Desde el día siguiente de la conquista surgen las leyendas de tesoros ocultos que alucinan a tesauristas empeñosos y a aventureros de la imaginación. Tras del resonante desentierro del tesoro del cacique de Chimú y de la huaca de Toledo, crece la fiebre funeraria de los conquistadores vacantes. Se habla de los tesoros enterrados en Pachacamac, del tesoro de Huayna Cápac enterrado en el templo del Sol, de los de Curamba y de Vilcas, de los tesoros de doña María de Esquivel y de la cacica Catalina Huanca en el cerro del Agustino, veinte veces perforado inútilmente por los huaqueros.
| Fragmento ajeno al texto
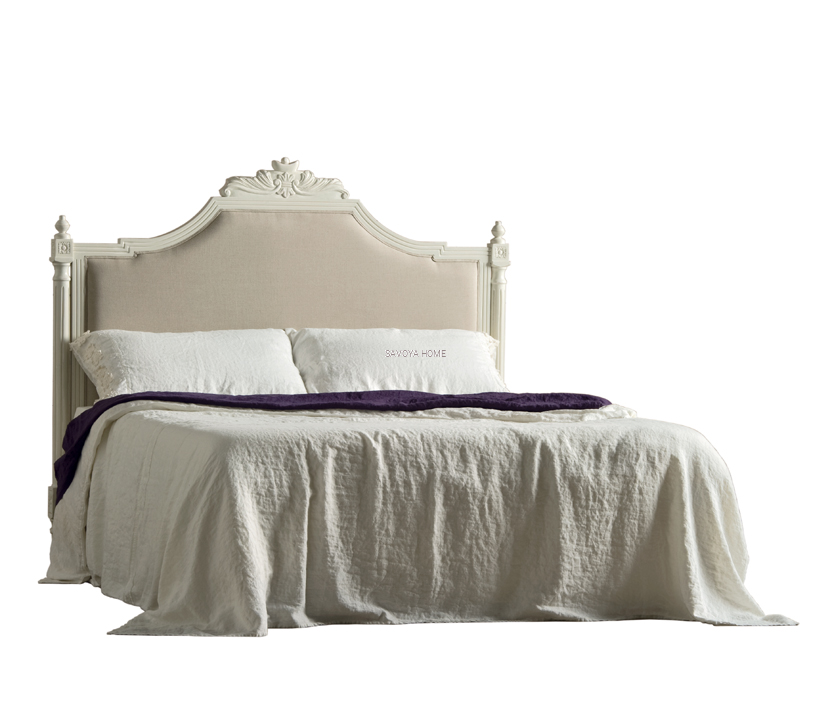 Tapicerowany zagłówek do podwójnego łóżka, drewniana rama lakierowana w kolorze Bianco Vissuto, pokrowiec z lnianej tkaniny w kolorze Ècru.
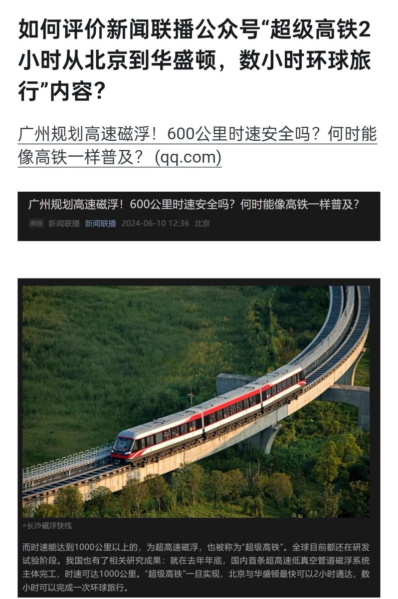 新闻联播开始鼓吹每小时20000公里的超级高铁了😅

El poder moral de los frailes reacciona contra la profanación de tumbas y aparece la admonición de fray Bartolomé de las Casas, que defiende los cuerpos y las almas de los indios en De Thesauris qui reperientur in sepulchrum Indorum, y el implacable papel Duda sobre los tesoros de Caxamalca que incita a los encomenderos y dueños de tesoros, minas y heredades, a recibir la ceniza sobre la frente y devolver lo arrebatado a los indios so pretexto de idólatras y enemigos de Dios. Está próximo el arrepentimiento y la baladronada póstuma del testamento de Mancio Serra de Leguísamo y las mandas contritas de Francisco de Fuentes en Trujillo, azuzado por su confesor, para devolver todo el oro manchado con la sangre de Atahualpa. Va llegando la hora prevista por Gómara para los que mataron al Inca, en que, castigados por el tiempo y sus pecados, acaben mal.
Ninguno de los tesoros famosos clamoreados en el siglo XVI apareció ante sus pesquisadores. No hallaron el tesoro de Huayna Cápac el tesorero de Arequipa, ni sus socios fray Agustín Martínez y Juan Serra de Leguísamo, autorizados por cédulas reales de 1607, 1608 y 1618, para excavar en el templo del Sol en pos de sus ilusos derroteros. Tampoco pudo nadie llegar a la cumbre nevada del Pachatusan, donde 300 cargas de indios Antis, portadores de oro en polvo y en pepitas, fueron enterrados por orden de Túpac Yupanqui. Ni la plata y el oro sepultados por los indios de Chachapoyas o los de Lampa, que escondieron los caudales que conducían 10 mil llamas y que buscaba aún en la hacienda Urcunimuri, en 1764, un soñador autorizado por el Virrey. Hay una estampa de la época que podría iluminarse con la luz dudosa de un candil, en la que un individuo vendado es conducido a una cueva en que el oro está tirado por los suelos en tinajas, cántaros y alhajas de todo género, que un cacique generoso pone a su disposición.